Other presenters included Channing Tatum, Patricia Arquette, Chris Evans, Chaz Ebert, Elle Fanning, Gina Rodriguez, Kerry Washington, Minnie Driver, Robert Pattinson, Rose McGowan, Nick Jonas and Andy Samberg.
Kingma noted Samberg was a Golden Globe winner in January for his new Fox TV series Brooklyn 99. He added that Samberg had left production to be there: “We may literally have to give him a police escort when he leaves here.”
On the red carpet before the show Driver said she had come to support the Screen Actors Guild Foundation and the HFPA. “I like when one big organization gives to another,” said Driver. “I like when the money is going to help people who — actors traditionally do not have a lot of money. Most actors can’t afford to go to classes and seminars and pay all sorts of things, so what the SAG Foundation provides is a brilliant resource for all actors.”

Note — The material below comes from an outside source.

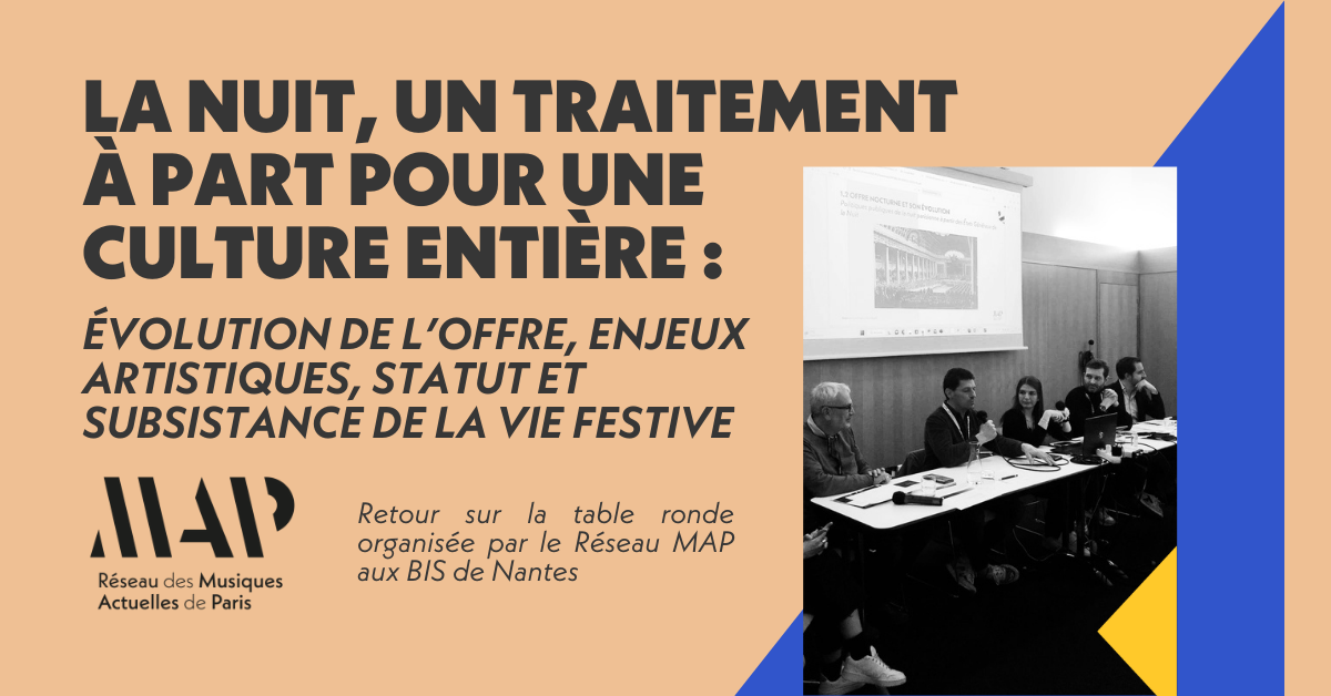 Dans le cadre des BIS de Nantes 2023, le Réseau MAP a eu l’opportunité d’organiser une table ronde sur la thématique “La Nuit, un traitement à part pour une culture entière : évolution de l’offre, enjeux artistiques, statut et subsistance de la vie festive”. Table ronde modérée par la coordinatrice des Nuits du Futur, Chloé Bihan, et avec la participation de Renaud Barillet, président du Réseau MAP et fondateur-DG du réseau d’établissements Cultplace ; Thibaut Guiné, membre du conseil métropolitain & conseiller municipal, élu de quartier Centre-ville à la Mairie de Nantes ; Vicente Pizcueta, chargé de communication de l’association Noche Madrid, Lorenzo Serra, le co-fondateur du Listen Festival et président de la Brussels By Night Federation ainsi que Frantz Steinbach, vice-président du Réseau MAP et Trésorier des Pierrots de la Nuit.

Abigail Spencer, who stars on the Sundance drama Rectify, came to accept on behalf of future filmmakers. She said she worked with a filmmaker who got a grant from a different group. “He ended up winning the student Oscar,” said Spencer. “These things really matter. Just because of your financial situation doesn’t mean you can’t get into the school or the program … We just need outside sources to do that, so it’s why they are doing it.”
English actor and singer Eddie Redmayne praised the HFPA for “supporting young and emerging filmmakers. They seem to be doing a really great job of embracing film in its entirety.”
Among those attending was Larry Laboe, executive director, New Filmmakers Los Angeles, whose group was given a grant for the first time of $5,000. It was less than requested, but Laboe was happy to get it. “It comes in a crucial year for us,” explained Laboe. “Our organization has grown so much. We need to move our capacity to the next stage.”
He plans to use the grant to hire another staff member and expand international outreach — to bring more films to an American audience — with a special effort to reach Hispanic filmmakers around the globe. Added Laboe: “So it kind of goes along with the international spirit of the Hollywood Foreign Press Association.”